Ferguson and the Criminalization of American Life
David Graeber
The Department of Justice's investigation of the Ferguson Police
Department has scandalized the nation, and justly so. But the
department's institutional racism, while shocking, isn't the report's
most striking revelation.
More damning is this: in a major American city, the criminal justice system perceives a large part of that city's population not as citizens to be protected, but as potential targets for what can only be described as a shake-down operation designed to wring money out of the poorest and most vulnerable by any means they could, and that as a result, the overwhelming majority of Ferguson's citizens had outstanding warrants.

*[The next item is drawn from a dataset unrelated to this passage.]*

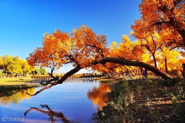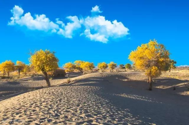 这里的胡杨树林在茫茫戈壁上屹立千年,一到秋季就美得不可方物。
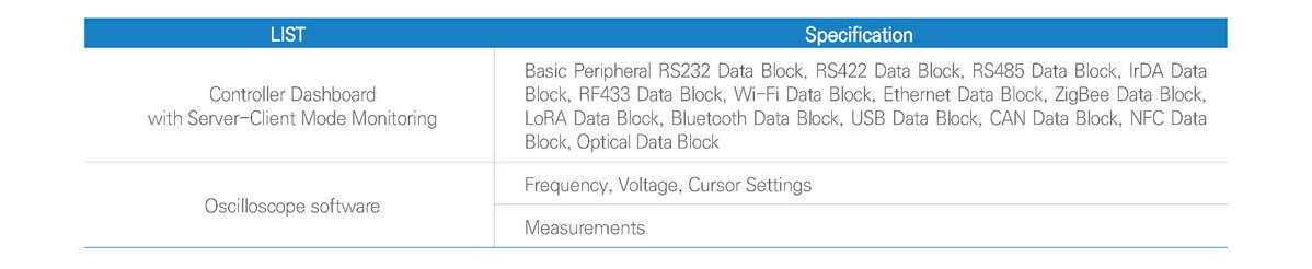 - Oscyloskop (w zestawie) do intuicyjnej analizy danych komunikacyjnych.

Many will try to write off this pattern of economic exploitation as some kind of strange anomaly. In fact, it's anything but. What the racism of Ferguson's criminal justice system produced is simply a nightmarish caricature of something that is beginning to happen on every level of American life; something which is beginning to transform our most basic sense of who we are, and how we—or most of us, anyway—relate to the central institutions of our society, in ways that are genuinely disastrous.
The DOJ's report has made us all familiar with the details: the constant pressure on police to issue as many citations as possible for minor infractions (such as parking or seat-belt violations) and the equal pressure on the courts to make the fines as high as possible; the arcane court rules apparently designed to be almost impossible to follow (the court's own web page contained incorrect information); the way citizens who had never been found guilty—indeed, never even been accused—of an actual crime were rounded up, jailed, threatened with "indefinite" incarceration in fetid cells, risking disease and serious injury, until their destitute families could assemble hundreds if not thousands of dollars in fines, fees, and penalties to pay their jailers.
As a result of such practices, over three quarters of the population had warrants out for the arrest at any given time. The entire population was criminalized.
It's important to remember though that these were not criminal warrants. The inhabitants were not even being accused of actual crimes (that is, felonies or misdemeanors.) Parking tickets, or tickets for unmoved lawns or improperly placed trash receptacles, are not criminal matters, they are violations of administrative codes having the same legal standing as, say, a supermarket's failure to take a loaf of bread past the due date off their shelves. They were simply being treated as if they were criminals.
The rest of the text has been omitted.